I am making a inverted index using hadoop and python. 我正在使用hadoop和python进行反向索引。 I want to know how can I include the byte offset of a line/word in python. 我想知道如何在python中包含行/字的字节偏移量。 I need something like this 我需要这样的东西

hello hello.txt@1124

I need the locations for making a full inverted index. 我需要用于制作完整倒排索引的位置。 Please help. 请帮忙。

Like this? 像这样?

file.tell()

Return the file's current position, like stdio's ftell(). 返回文件的当前位置,例如stdio的ftell()。

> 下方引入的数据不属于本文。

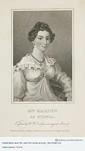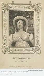 In 1807 she was working in Portsmouth as a dress-maker for a Miss Warren. In 1808 she moved to Gosport where she worked as a housemaid[3] and it was at this time the Portsmouth Company of actors made their annual visit to her home city. An actor named Mardyn "of low habits" was among its members; he played the "second-rate lover's parts" and also sang. Among his popular numbers was 'Darby Kelly, O!', which was "sung by Mr. Mardyn at all the theatres and public places of amusement in London, with general applause."[5] He met the attractive 16 year-old Charlotte Mardyn; she being ambitious for a better life and wishing to escape the drudgery of the kitchen the two quickly married and she joined the Portsmouth Company. In 1808 at the theatre in Portsmouth she made her first appearance, opposite her husband in the farce The Jew and the Doctor. Being illiterate her parts had to be taught to her. Lacking in experience and confidence she experienced stage fright at first and was not a success. She played walk-on roles and appeared in crowd scenes and did a little dancing. At this time a critic wrote of her that: "Her beauty of face, and symmetry of form were well adapted for it; but alas! when she had to open her mouth, all the illusion was destroyed." While her husband turned more to drink Charlotte Mardyn set about improving her education and her grammar and pronunciation and she separated from her husband. By 1810 she had at least one child.[3]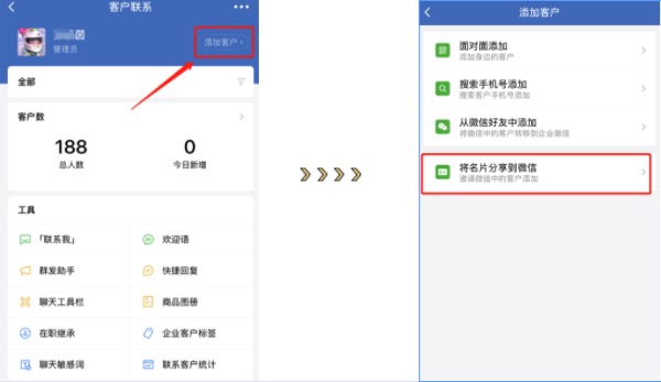 (2)将名片分享到微信:使用场景:适用于需要添加微信好友为企业微信客户的场景。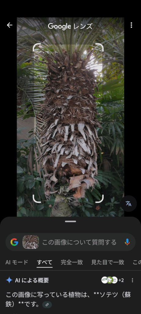 続いてはこちらのチクチクした植物。調べてみると「ソテツ」でした。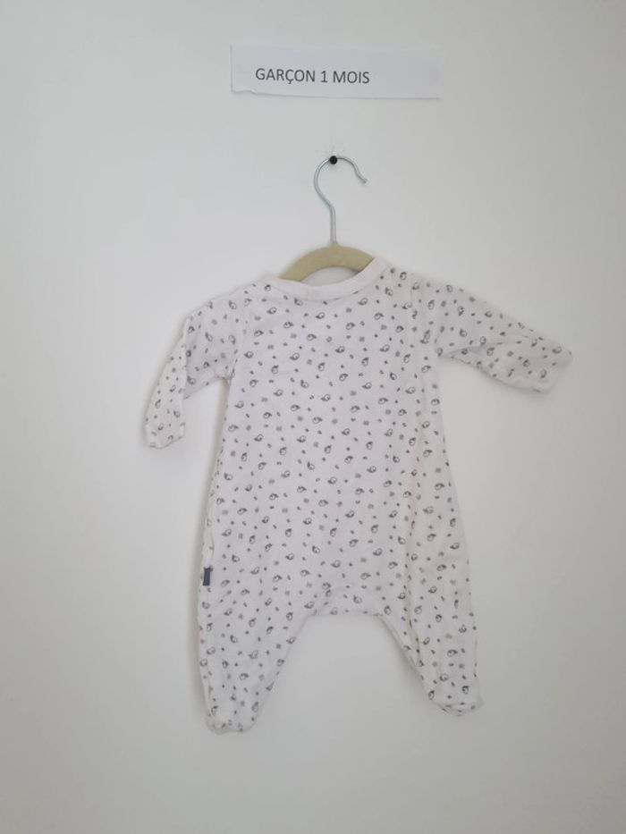 Pyjama 1 pièce chaud peu porté, un bouton de pression a cédé très rapidement tout en bas au niveau de l'entre-jambe(voir photo) défaut pris en compte dans le prix. marque du pareil au même taille 1Mois 53cm fermeture par boutons pression sur l'arrière blanc avec petits motif gris mixte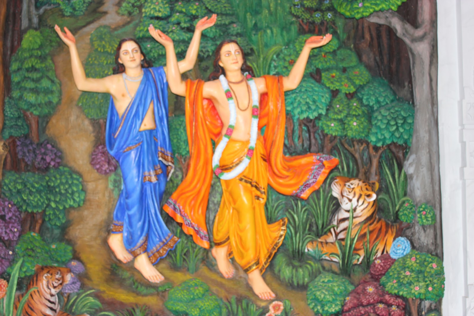 The peacock feather signifies the exuberance of nature. Sri Krishna wears a peacock feather that reminds us of his play with the gopas and gopis of Sri Vrindavana. The male peacock especially has long been a symbol of romantic love, and the rasalila episode of Sri Krishna's life teaches us how this kind of love may be directed to God.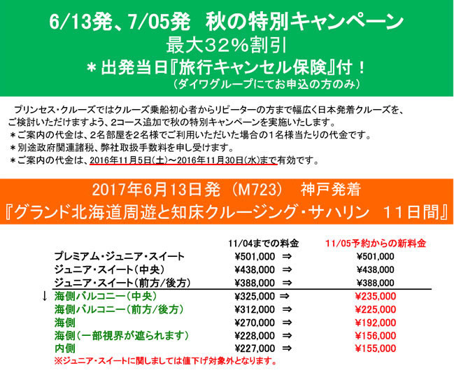 ☆★年内出発に限り大幅割引 クルーズキャンペーン実施中!★☆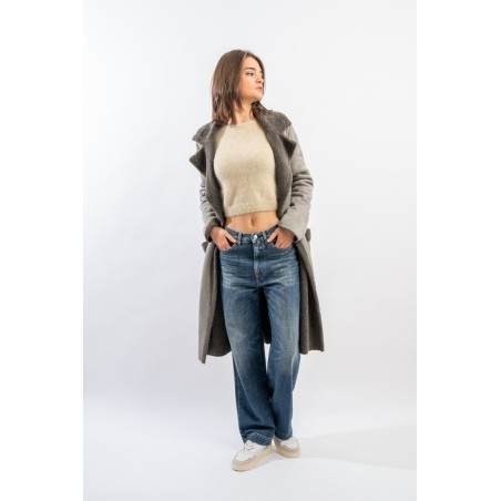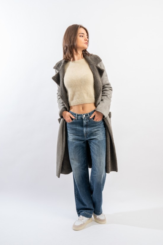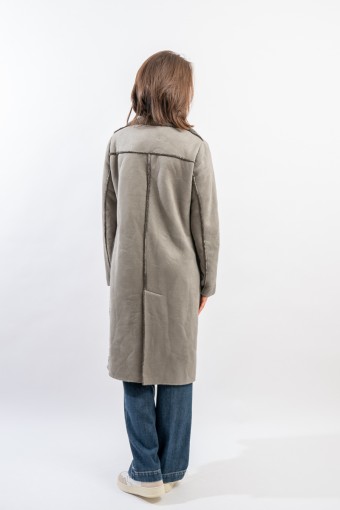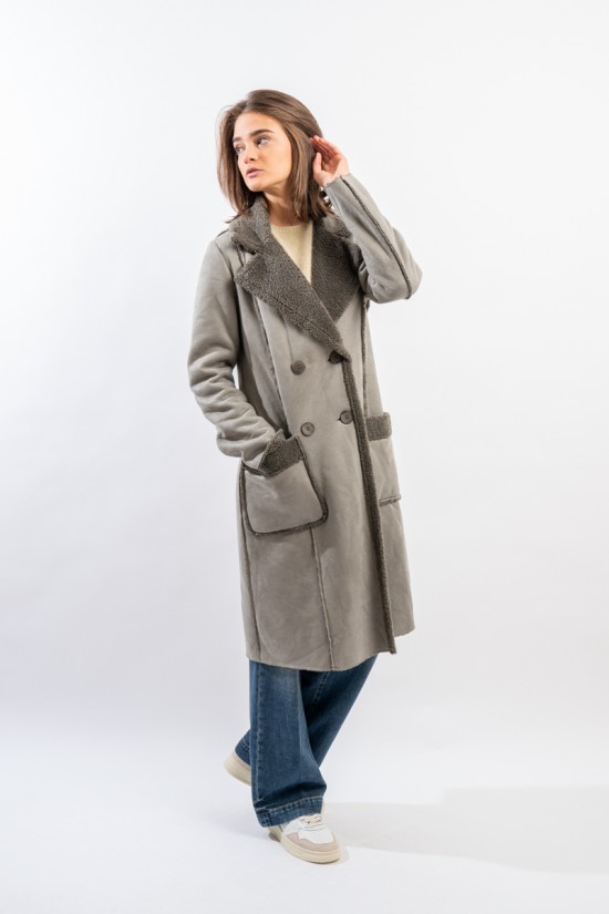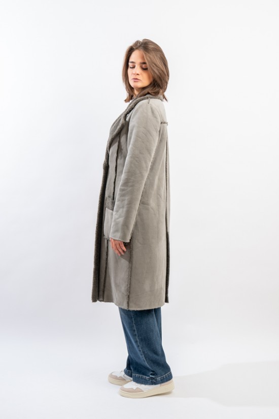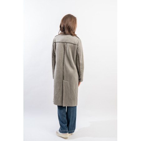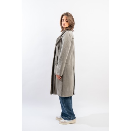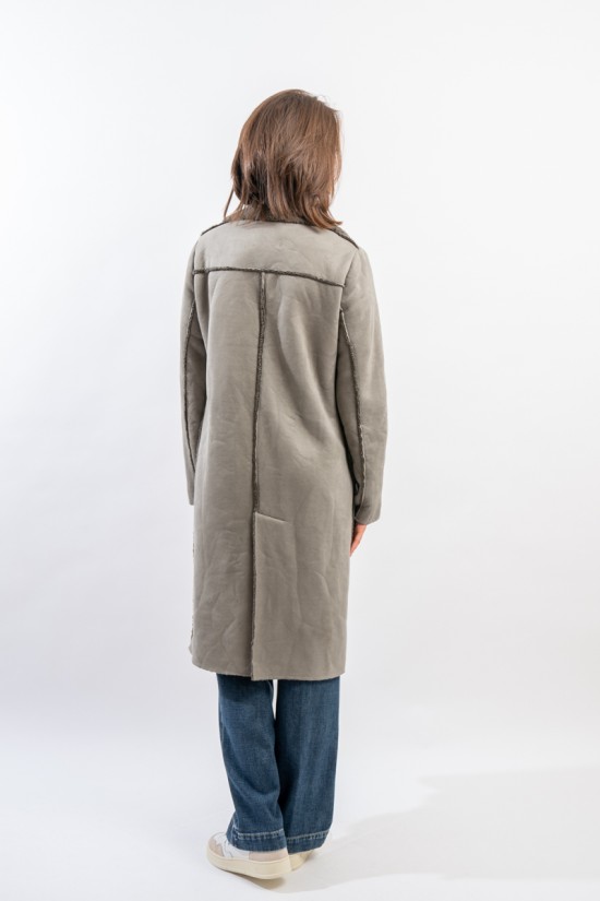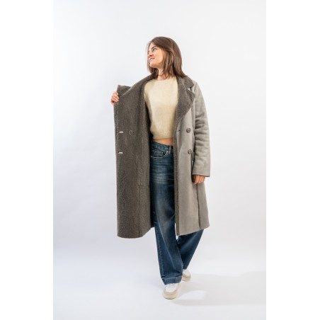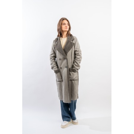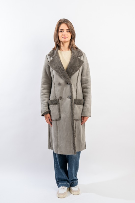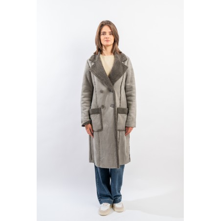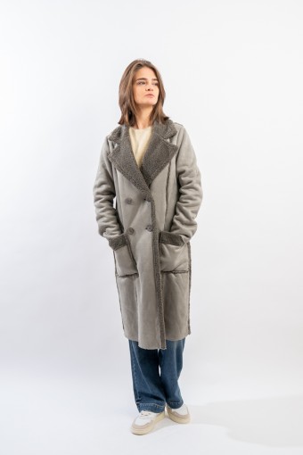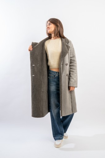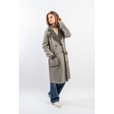 Cappotto doppiopetto realizzato in eco-montone con vestibilità regular. Tinto in capo per ottenere un risultato di effetto vissuto dalla mano morbida al tatto. Made in Italy.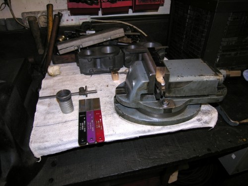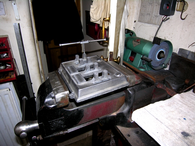 Beds held in the vise for tapping. If you're going to buy a vise get the biggest and best you can afford. This old Parkinson 'Perfect' Vise has 6" jaws and will hold up to 9". Made in Oldham they can still be found secondhand and are just about the best ever made. Worn jaws are no problem, you can easily make new ones. Graham Riley, my MSC manager at Ellenroad had his own engineering firm at one time. They once had a Parkinson vise with a fault so he took it back to the works in Oldham. Old Mr Parkinson took him into the shop and found him a vise to replace it. Graham said that what impressed him was that he had a ruler pocket in the leg of his immaculate three piece business suit!

http://docs.python.org/library/stdtypes.html#file-objects http://docs.python.org/library/stdtypes.html#file-objects

Unfortunately tell() does not function since OP is using stdin instead of a file. 不幸的是,tell()无法运行,因为OP使用的是stdin而不是文件。 But it is not hard to build a wrapper around it to give what you need. 但是围绕它构建包装以提供所需的东西并不难。

class file_with_pos(object):
    def __init__(self, fp):
        self.fp = fp
        self.pos = 0
    def read(self, *args):
        data = self.fp.read(*args)
        self.pos += len(data)
        return data
    def tell(self):
        return self.pos

Then you can use this instead: 然后,您可以使用它代替:

fp = file_with_pos(sys.stdin)

声明:本站的技术帖子网页,遵循CC BY-SA 4.0协议,如果您需要转载,请注明本站网址或者原文地址。任何问题请咨询:yoyou2525@163.com.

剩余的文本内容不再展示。